Recalling the European Commission’s commitment to the elimination of fossil fuel subsidies, the European Commission’s Director General for Energy Services (DG ENER), Ditte Juul Jørgensen, acknowledged that their phasing out represents a challenge for the European Union on Tuesday 27 October during a debate on National Energy and Climate Plans (NECPs) with the European Parliament’s Committee on Industry, Research and Energy (ITRE).
According to an annex to the 2020 Report on the State of the Energy Union published by the Commission on 14 October, fossil fuel subsidies in the EU amounted to 50 billion euros in 2018, an increase of 6% since 2015 (see EUROPE 12582/18).
Faced with this finding, the Commission promised to “intensify efforts to reduce subsidies and redirect them (...) towards measures to promote the energy transition”.
Asked by Michael Bloss (Greens/EFA, Germany) how the Commission intends to proceed when Croatia, Estonia and Malta have no plans to phase out these subsidies, Mrs Jørgensen first recalled that the EU has “a collective engagement to phase out fossil subsidies”.
“Clearly, that is an area that we will be taking out with member States and to try to make sure that all Member States do live up to that collective commitment”, she added, while stressing that these subsidies “constitute a significant impediment and barrier to investments into clean technologies and therefore slow down the transition”.

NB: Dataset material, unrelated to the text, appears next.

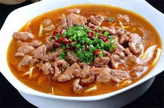 在里面加入一些肉汤后烧开,再将牛肉放进去,待肉外表发亮时,就可以盛出来了,此时在锅中烧一些辣椒油,将其浇淋在肉上就可以了。

She went on to acknowledge that the phasing out of fossil fuel subsidies constitutes a “challenge”, as such a decision at EU level requires unanimity of the Member States.
Implementation of the NECPs
Like Maria Carvalho (EPP, Portugal), several MEPs questioned the Director-General on the importance of ensuring the implementation of the measures provided for in the Member States’ NECPs, particularly in the field of energy efficiency, an area in where the EU is particularly lagging behind on these objectives (see EUROPE 12562/2, 12582/18).
Mrs Jørgensen then assured that the Commission was currently working to strengthen its capacity to work with the countries of the Union, in order to conduct a close dialogue and cooperation with them “on a day to day basis”.
She did not mention, however, the possibility of using infringement proceedings in the event, for example, that a Member State fails to meet its energy efficiency targets. (Original version in French by Damien Genicot)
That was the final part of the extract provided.